# Work task:
Exclude the pictures and reproduce exactly the lines that run from the one holding "A person in" to the end of the entries below.

* * *

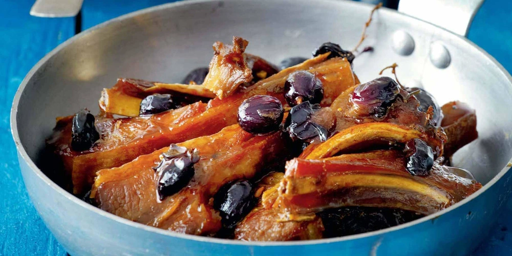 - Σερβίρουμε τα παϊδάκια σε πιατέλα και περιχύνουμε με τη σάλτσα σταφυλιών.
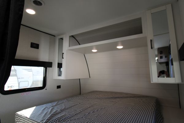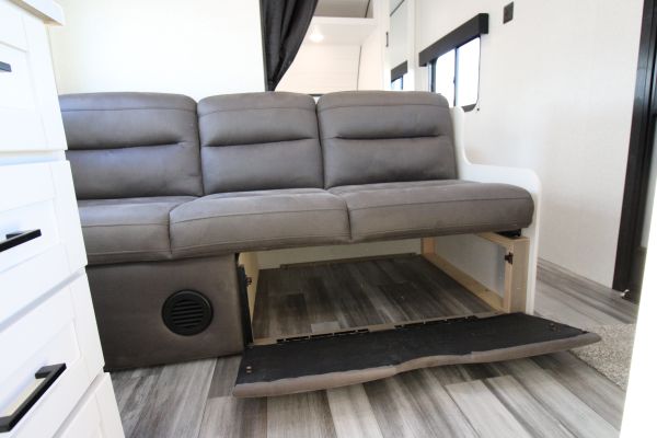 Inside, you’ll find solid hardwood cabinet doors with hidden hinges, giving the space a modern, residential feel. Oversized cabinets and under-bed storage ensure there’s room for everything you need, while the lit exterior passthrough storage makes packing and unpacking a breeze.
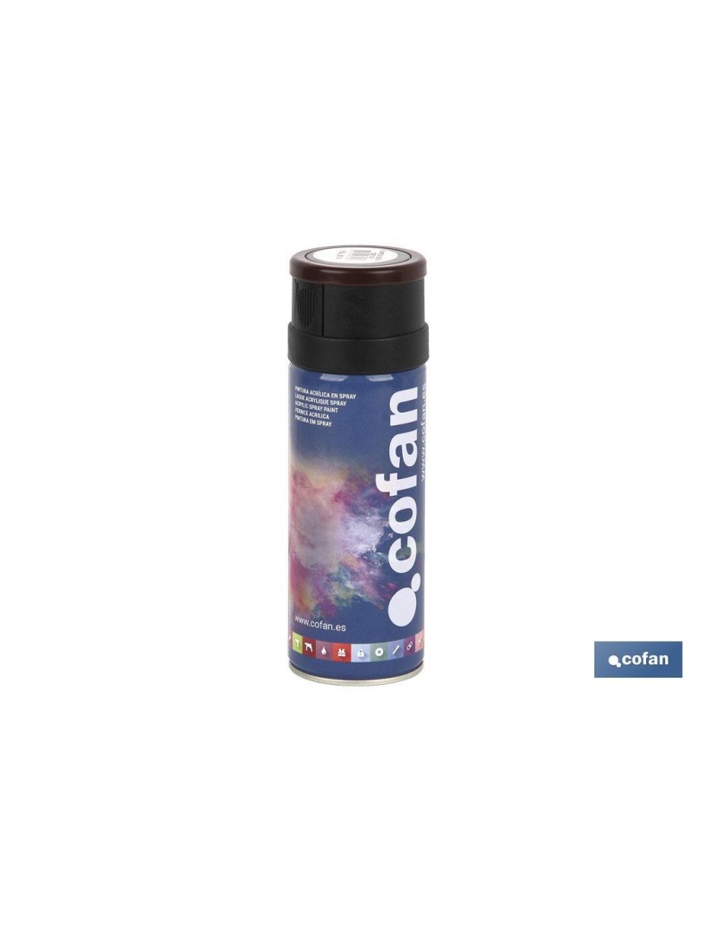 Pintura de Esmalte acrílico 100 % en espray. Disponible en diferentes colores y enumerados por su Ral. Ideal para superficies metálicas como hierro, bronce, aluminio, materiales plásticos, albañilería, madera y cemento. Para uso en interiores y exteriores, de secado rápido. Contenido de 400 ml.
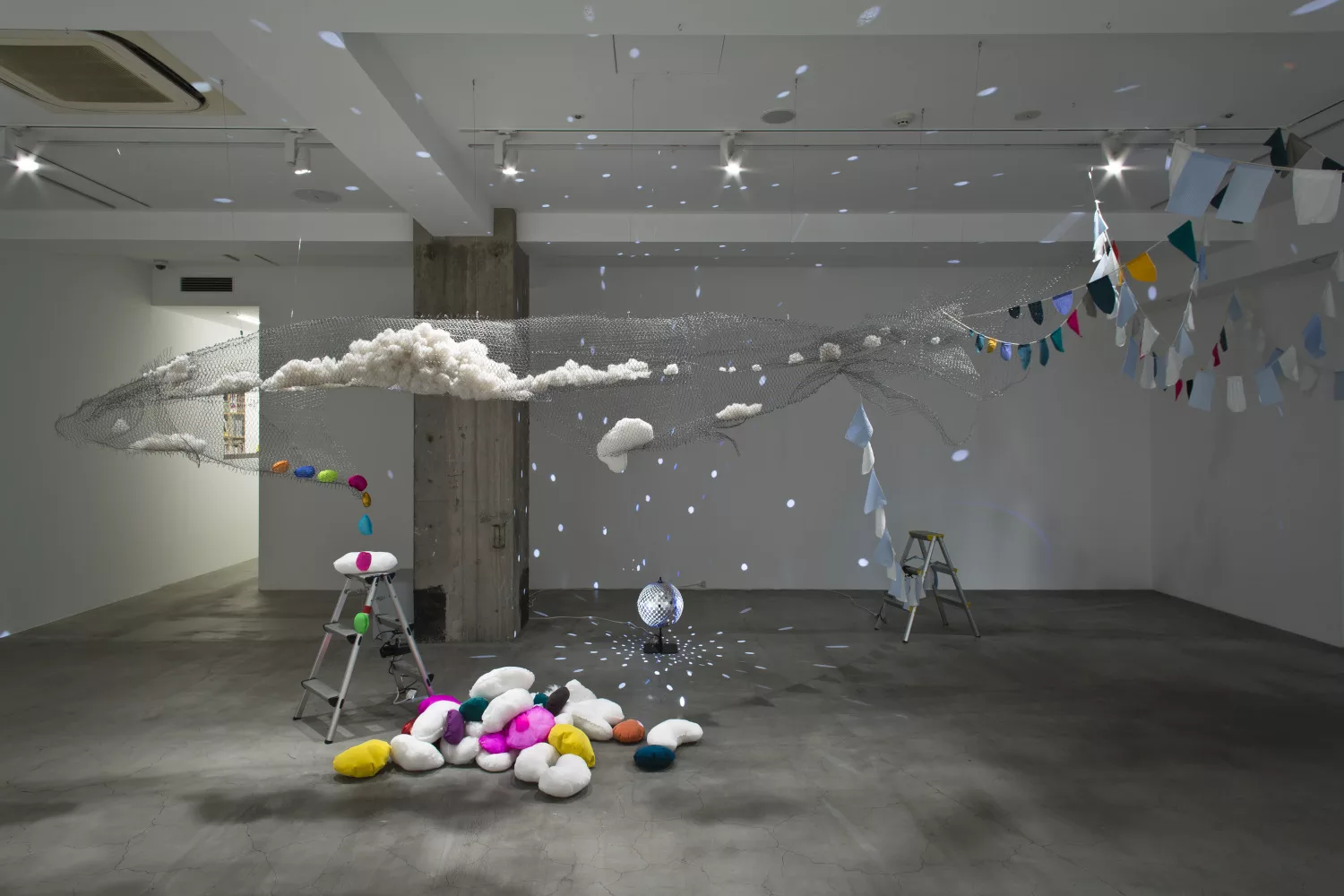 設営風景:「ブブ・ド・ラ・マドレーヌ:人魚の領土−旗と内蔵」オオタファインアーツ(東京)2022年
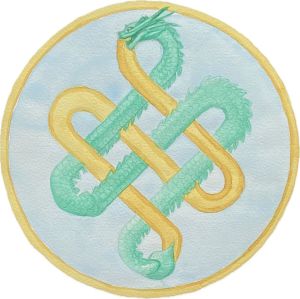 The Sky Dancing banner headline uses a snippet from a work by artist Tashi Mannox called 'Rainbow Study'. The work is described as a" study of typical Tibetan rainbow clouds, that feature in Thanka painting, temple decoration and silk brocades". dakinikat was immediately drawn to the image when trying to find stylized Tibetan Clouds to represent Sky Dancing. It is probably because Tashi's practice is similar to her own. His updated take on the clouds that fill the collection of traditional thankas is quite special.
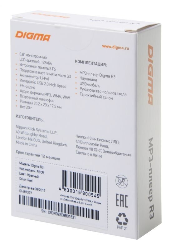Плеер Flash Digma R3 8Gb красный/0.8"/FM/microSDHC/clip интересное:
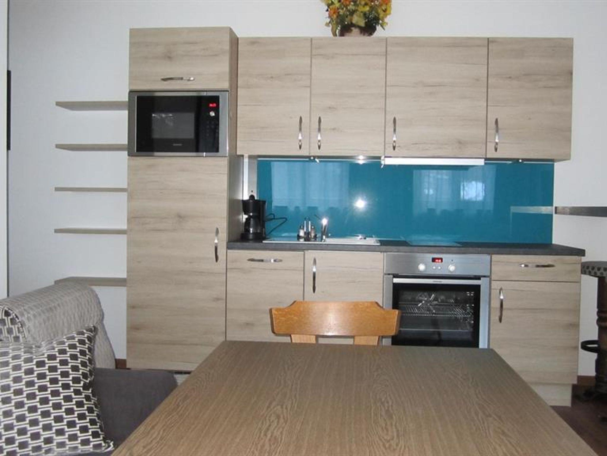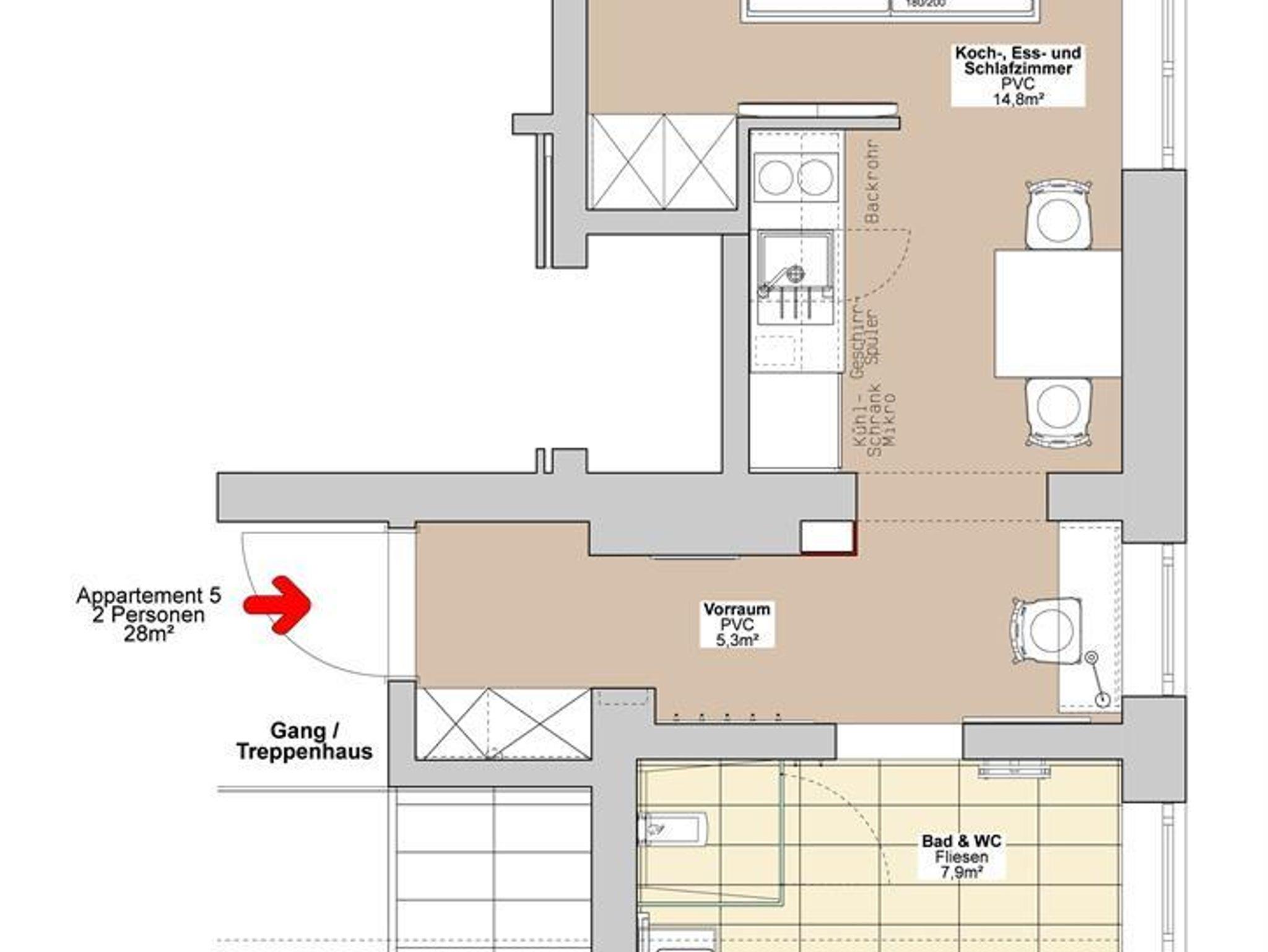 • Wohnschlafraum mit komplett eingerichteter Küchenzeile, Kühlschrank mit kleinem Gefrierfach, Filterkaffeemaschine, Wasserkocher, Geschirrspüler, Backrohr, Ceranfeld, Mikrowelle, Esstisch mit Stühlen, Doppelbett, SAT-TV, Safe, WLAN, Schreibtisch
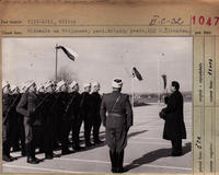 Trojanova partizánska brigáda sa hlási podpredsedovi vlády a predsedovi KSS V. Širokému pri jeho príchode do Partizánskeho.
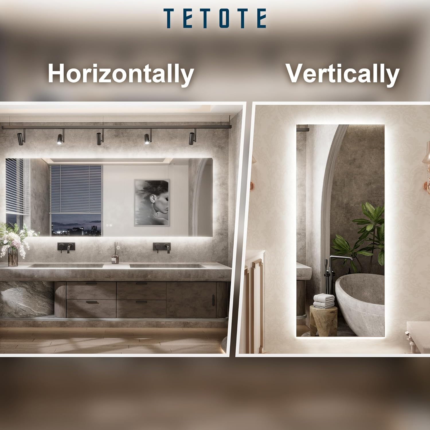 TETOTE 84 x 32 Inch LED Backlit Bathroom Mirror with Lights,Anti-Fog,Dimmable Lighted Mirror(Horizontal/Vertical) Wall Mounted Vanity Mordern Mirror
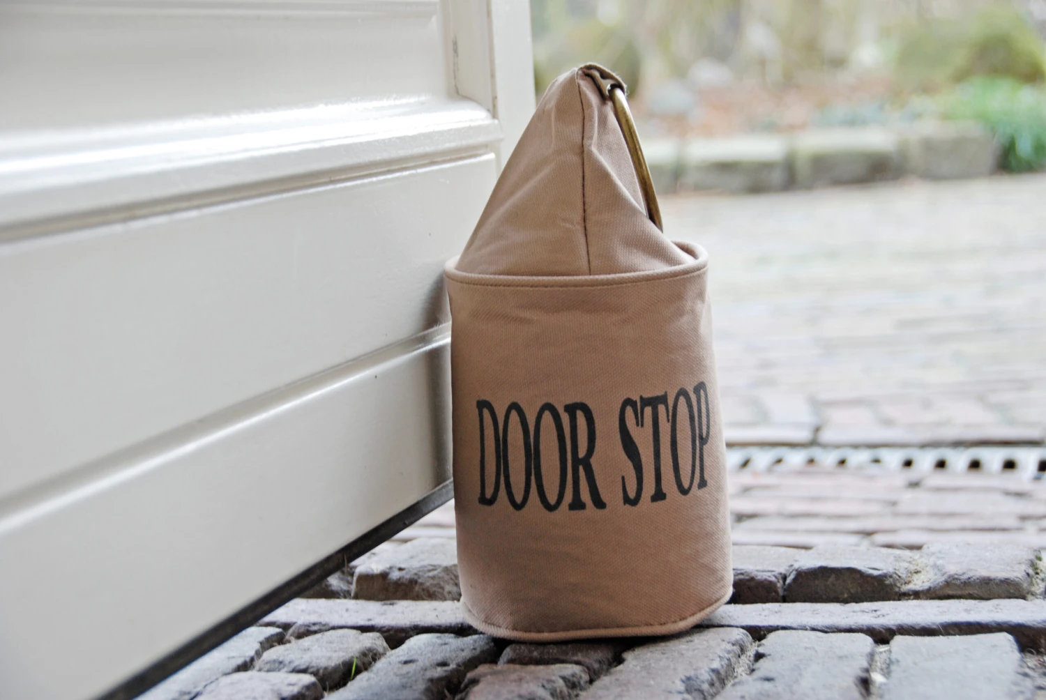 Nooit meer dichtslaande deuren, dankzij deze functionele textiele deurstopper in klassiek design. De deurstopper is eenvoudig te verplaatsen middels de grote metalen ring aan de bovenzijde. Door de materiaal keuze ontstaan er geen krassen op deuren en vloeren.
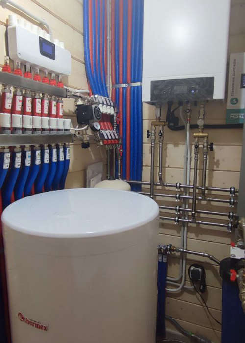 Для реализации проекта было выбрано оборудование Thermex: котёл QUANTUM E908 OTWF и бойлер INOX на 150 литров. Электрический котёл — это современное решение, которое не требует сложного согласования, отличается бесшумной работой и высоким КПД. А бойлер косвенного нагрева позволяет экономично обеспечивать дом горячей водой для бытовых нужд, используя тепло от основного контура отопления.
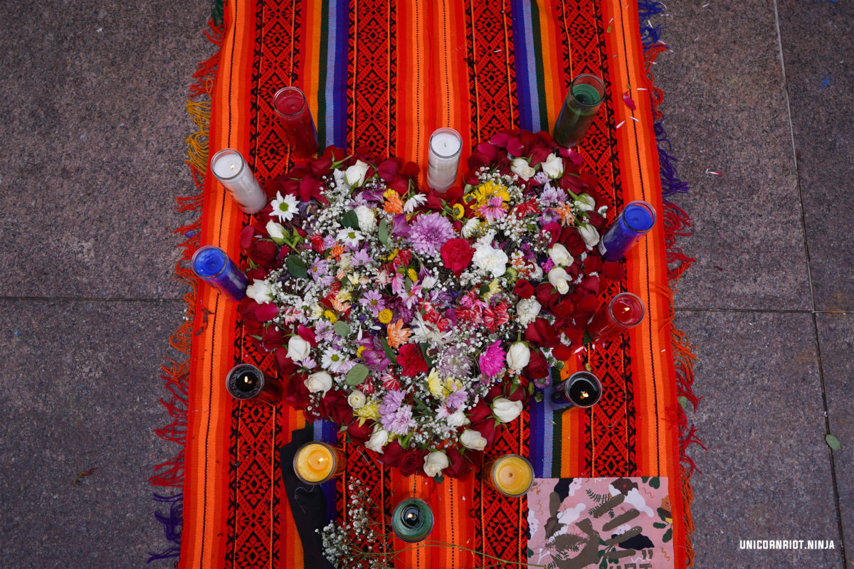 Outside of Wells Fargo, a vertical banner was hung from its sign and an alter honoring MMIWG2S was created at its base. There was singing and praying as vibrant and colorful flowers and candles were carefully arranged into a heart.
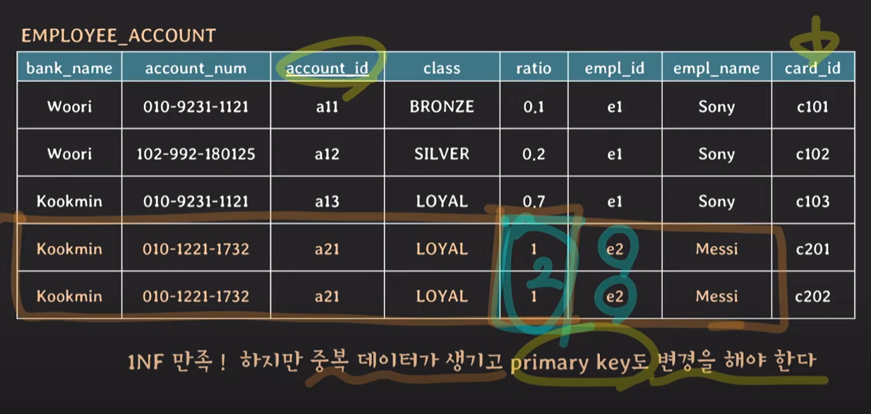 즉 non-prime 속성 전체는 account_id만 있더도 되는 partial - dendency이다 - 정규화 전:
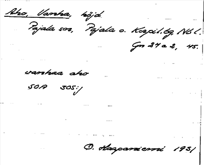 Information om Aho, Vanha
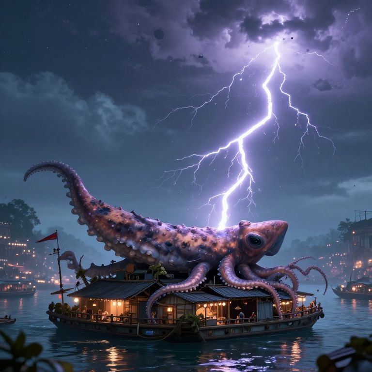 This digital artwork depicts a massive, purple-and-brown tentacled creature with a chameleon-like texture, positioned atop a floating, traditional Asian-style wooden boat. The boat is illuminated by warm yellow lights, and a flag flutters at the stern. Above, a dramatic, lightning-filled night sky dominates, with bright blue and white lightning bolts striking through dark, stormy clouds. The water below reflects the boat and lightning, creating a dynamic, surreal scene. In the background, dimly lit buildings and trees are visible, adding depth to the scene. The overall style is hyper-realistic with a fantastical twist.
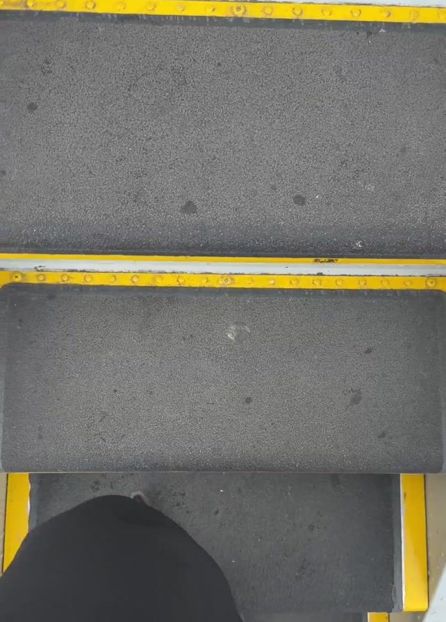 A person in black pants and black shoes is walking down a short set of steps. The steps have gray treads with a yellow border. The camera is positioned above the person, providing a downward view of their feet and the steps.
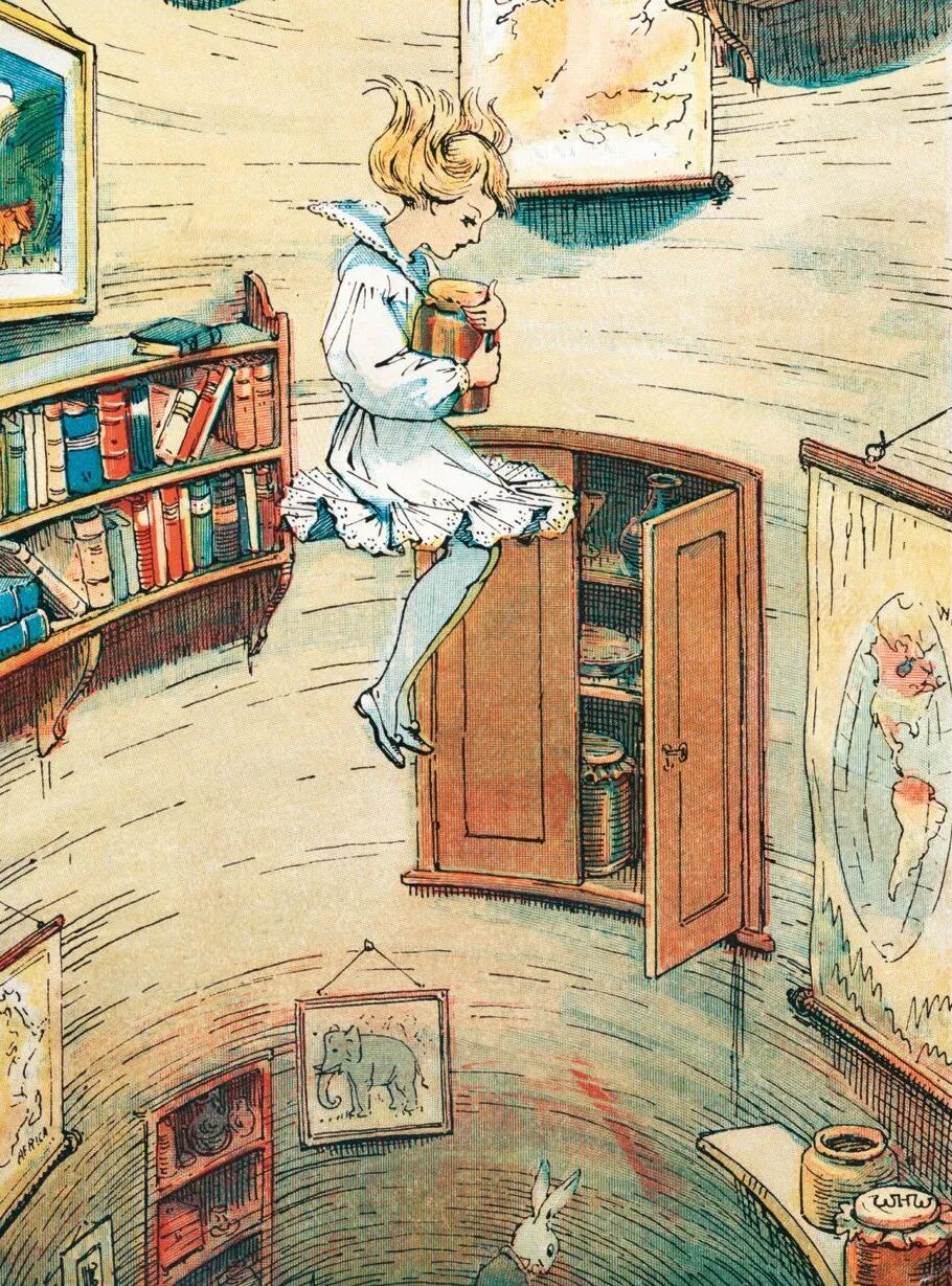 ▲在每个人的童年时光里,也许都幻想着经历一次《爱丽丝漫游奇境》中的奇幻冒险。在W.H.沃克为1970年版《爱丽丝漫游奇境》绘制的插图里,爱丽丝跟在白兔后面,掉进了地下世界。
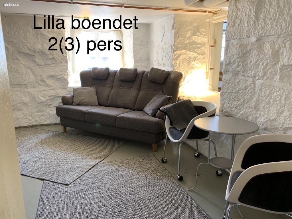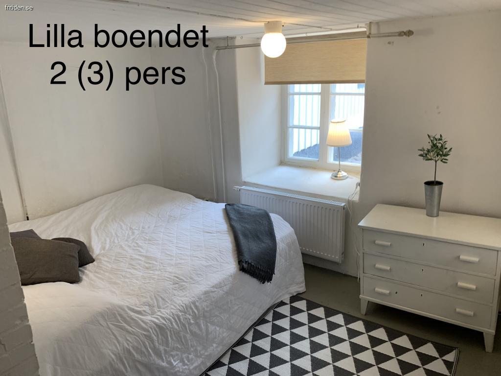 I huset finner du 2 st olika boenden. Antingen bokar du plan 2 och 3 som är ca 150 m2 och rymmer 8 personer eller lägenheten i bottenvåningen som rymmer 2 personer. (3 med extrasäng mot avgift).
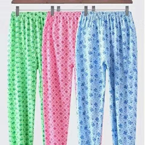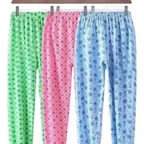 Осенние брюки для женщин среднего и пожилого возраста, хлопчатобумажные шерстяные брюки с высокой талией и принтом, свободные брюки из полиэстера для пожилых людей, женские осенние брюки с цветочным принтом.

* * *

# Written solution:
 A person in black pants and black shoes is walking down a short set of steps. The steps have gray treads with a yellow border. The camera is positioned above the person, providing a downward view of their feet and the steps.
 ▲在每个人的童年时光里,也许都幻想着经历一次《爱丽丝漫游奇境》中的奇幻冒险。在W.H.沃克为1970年版《爱丽丝漫游奇境》绘制的插图里,爱丽丝跟在白兔后面,掉进了地下世界。
 I huset finner du 2 st olika boenden. Antingen bokar du plan 2 och 3 som är ca 150 m2 och rymmer 8 personer eller lägenheten i bottenvåningen som rymmer 2 personer. (3 med extrasäng mot avgift).
 Осенние брюки для женщин среднего и пожилого возраста, хлопчатобумажные шерстяные брюки с высокой талией и принтом, свободные брюки из полиэстера для пожилых людей, женские осенние брюки с цветочным принтом.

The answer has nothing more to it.